To my surprise, Ruby shushes me. “Let him talk.”

“My university friends and I have been petitioning Feng Corp for months and we didn’t have any luck. Then we heard that the CEO was hiring a tutor for his niece. I speak the best English. It was Kitty’s idea and we all went along with it. When we were in the hot springs, I almost changed my mind. You were nice and funny and we had such an amazing time that I felt so guilty. So I phoned Kitty and she reminded me that we were so close to making a difference. I took your hotel key and credit card when you had your appointment with Madame Xing. I’m sorry.”

“My key?” I exclaim, at the same time Ruby asks, “Visa card?”

It makes sense now. Frank’s reluctance and confusion in Chengdu. I had attributed it to the awkwardness of a first hookup that blurred professional boundaries. I just assumed Frank felt guilty about taking Uncle Dai’s money while being involved with his niece. But Frank slept with me after getting the key card.
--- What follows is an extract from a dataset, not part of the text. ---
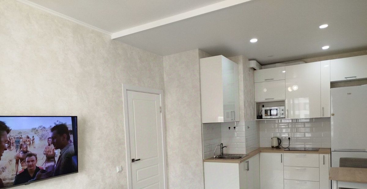 Большая кухня-гостиная почти 18 м.кв., спальня 12.6 м.кв., хороший ремонт, вся необходимая мебель и техника .

Anger floods through my entire nervous system. He lied to me and stole from me.

Frank looks ashamed and sorry. “Kitty and our group wanted to sneak in and scare your uncle into relocating the hotel.”

Scare Uncle Dai? By violence? I think back to the protestors surrounding our car. Acid rises to my throat. I want to throw up. I want to cry and scream. If I were the violent type, I’d honestly push him off the roof.

Instead, I just stare at him. I thought I knew reliable and nice and apology-giving Frank. “You were going to do what?” I ask. “Were you one of the protestors at the restaurant?”

Frank looks confused. “No, what—?”

Ruby pulls out her phone and waves it around. “I’m going to call the police!” she warns.

“I understand if you do,” Frank says, looking down. He fidgets with his hands, resting them on his sides and then clasping them behind his back. “It was really horrific of us. People are protesting all over China and we wrote over a hundred petitions to your uncle’s company to stop the hotel. We wanted to make a difference. Beijing is losing her culture to the fuerdai.

“Things have to change in Beijing and all you nouveau riche are taking over the city with your elite hotels. You don’t seem to care what happens to the poor. We need housing and we need new schools. Do you know that they cram eighty migrant children in one classroom? They don’t even have books and there’s barely enough money to pay a teacher. What we don’t need is another seven-star hotel.

“If you call the police, please don’t tell my mother. She doesn’t even know what I’ve done. I just wanted to help her, but it got out of control. She doesn’t deserve this. She doesn’t even deserve me as a son.”